Inherited metabolic diseases (IMDs) pose a particular challenge to diagnosis. Although individually rare, improved diagnostics and greater awareness have shown that the incidence is much greater than previously thought. The commonest disorders such as phenylketonuria and medium chain acyl-coA dehydrogenase deficiency (MCADD) have an incidence of approximately 1 in 10 000; however, collectively, all IMDs have an incidence of <1 in 1000.1 It is important to make IMD diagnoses because there are many effective treatments and early diagnosis greatly enhances the chance of a better outcome. The individual rarity of the IMDs means that exposure remains limited for most paediatricians unless working in a centre specialising in these disorders, and so experience and confidence in dealing with such patients may not be well developed.
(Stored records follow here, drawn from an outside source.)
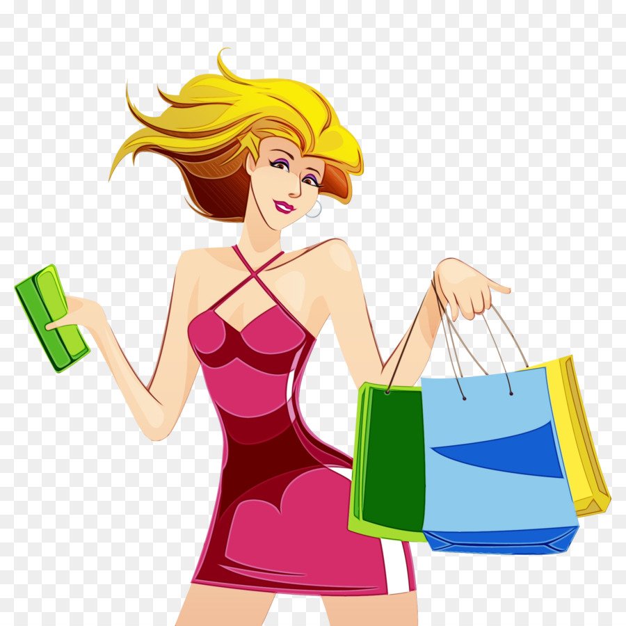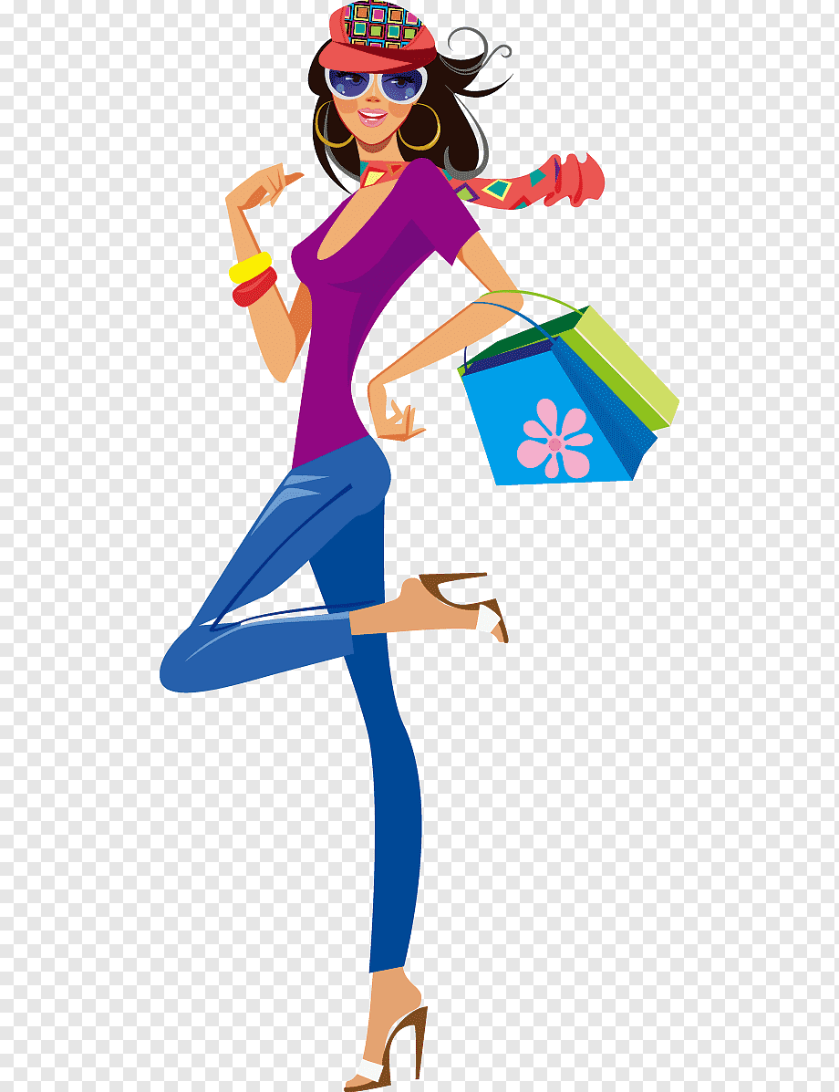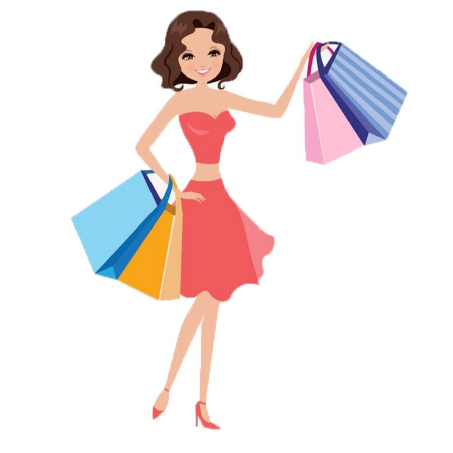 ![Рисованная девушка с покупками]()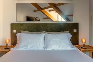 No apartamento onde você pode admirar as obras de arte de Miguel Palma e Luís Paulo Costa, você encontrará um quarto com cama de casal e uma pequena varanda com vista para a cidade e o rio.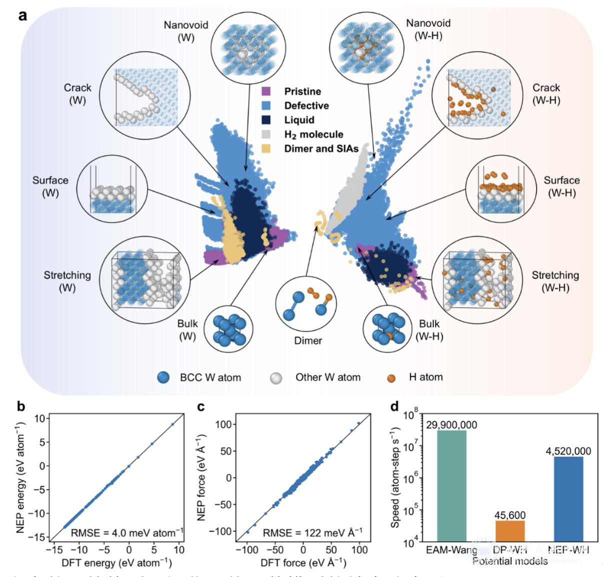 研究团队采用主动学习策略,对丰富的钨-氢二元构型空间进行了系统采样,成功开发了具备广泛应用场景的机器学习势函数NEP-WH。该势函数在保持高计算效率的同时,实现了对W-H相互作用的高精度描述。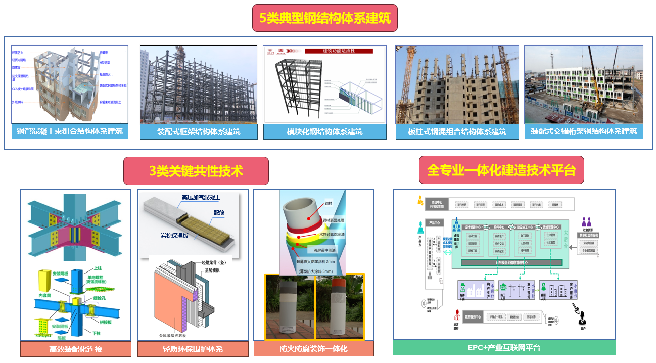 (1)钢结构建筑产业化关键技术:研发了剪力墙、框架、模块化、板柱结构和交错桁架等5类典型钢结构体系建筑产业化集成技术,重点突破了钢结构建筑产业化需重点突破的高效装配化连接、轻质环保围护体系、防火防腐装饰一体化3类关键共性技术,开发了全过程、全专业协同一体化智能建造技术平台。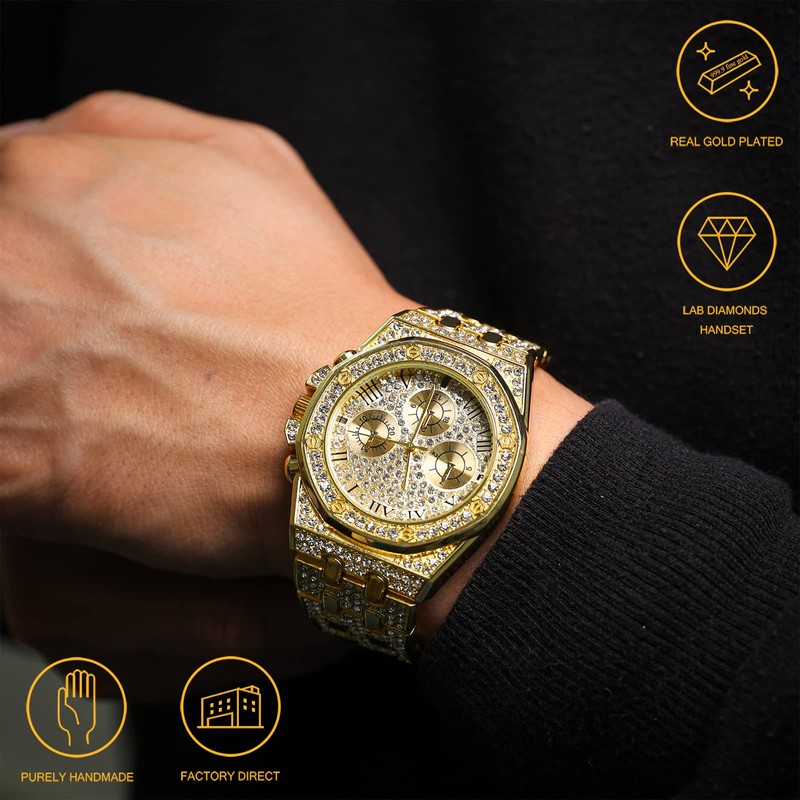- √ 3 STANDARDS FOR A GOOD DIAMOND WATCH - Thick Gold(4 Times+ Real Gold Plated),Pro Handset Diamonds (Handcrafted by 15 years+ experience artisans instead of machine glueset),Reasonable Price(Only pay for the product itself).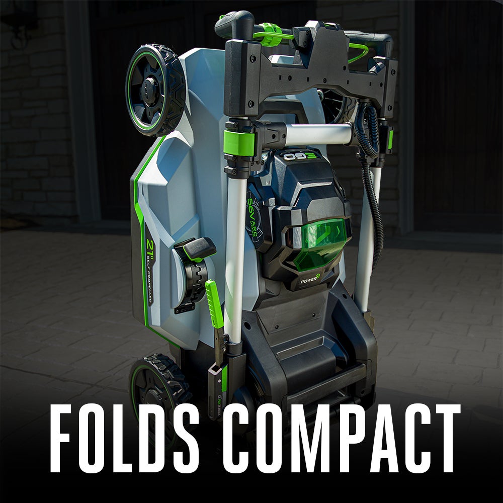 The EGO POWER+ 21" Select Cut Self-Propelled Mower delivers up to 7.0 foot-pounds of torque for performance that exceeds the power of gas. The Select Cut™ Multi-Blade Cutting System is equipped with three interchangeable lower blades: the Mulching Blade, High Lift Bagging Blade, and Extended Runtime Blade. The Mulching Blade comes installed on the lawn mower and is ideal for weekly mulching, giving you the mulching quality expected from a high-end gas lawn mower. The High Lift Bagging Blade provides extra suction ideal for bagging, leaving your yard free of clippings. The Extended Runtime Blade provides an optimal balance of cut quality and runtime for all around performance. All three blades can be used interchangeably based on your desired cut. The Upper Blade is used in combination with the lower blade chosen to slice the grass into fine fragments, greatly enhancing cutting performance with all grass types. EGO Touch Drive™ self-propelled technology puts complete control of the self-propel system in the palm of your hands by using pressure to engage the system. Easily control the variable speed with a dial positioned at your fingertips for safe and convenient operation. The Select Cut™ cordless lawn mower harnesses the power of the industry’s most advanced 56V ARC Lithium™ batteries to deliver up to 60 minutes of runtime on a single charge with the recommended 7.5Ah battery. Three-in-one functionality delivers your choice of mulching, side discharge, or bagging your grass clippings; an easy-access two-bushel grass collection bag is included. This electric lawn mower includes bright LED lights for added visibility when mowing at dawn or dusk, and it folds for compact storage between cuts. Experience Power Beyond Belief™ with the EGO POWER+ 21" Select Cut™ Self-Propelled Lawn Mower.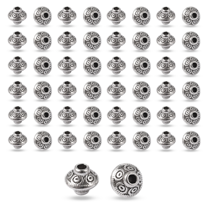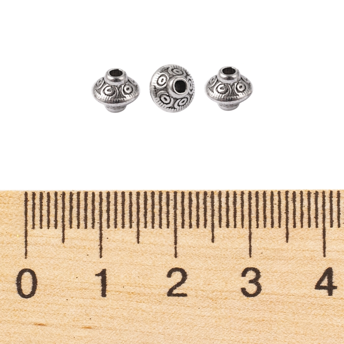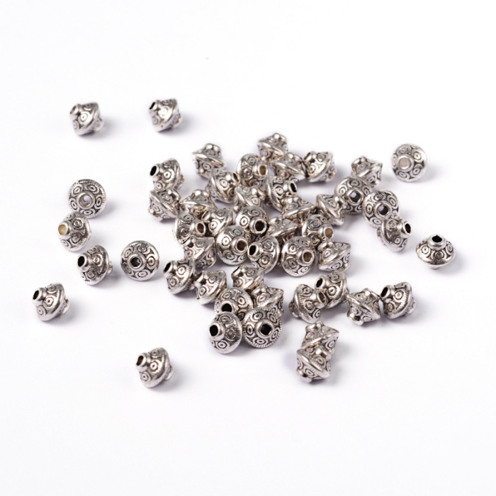 Бусины-Разделители Бижутерный Сплав, Биконус, Цвет: Античное Серебро, Размер: 5.4х6.3мм, Отверстие 1мм, (УТ100006796)

Presentations are also non-specific further increasing the chances of a diagnosis being missed. At present, a sick neonate is more likely to have multiple septic screens undertaken than a metabolic one. Infection is far commoner than an IMD presentation, but it is important to entertain the possibility of an IMD early, allowing the opportunity for effective intervention. The other difficulty is that most IMDs will not be diagnosed unless specific investigations for that disorder are undertaken. An infant with maple syrup urine disease, although very sick, will not be revealed by standard investigations. Plasma amino acids are required to reveal the diagnostic elevation of the branched chain amino acids, leucine, isoleucine and valine. Similarly, the workup of an encephalopathic child should include measurement of ammonia because this is unlikely to be picked up in any other way. It is therefore essential to develop an approach to thinking about and investigating IMDs, particularly when one considers that these patients will present initially to the local hospital rather than to the specialist centre.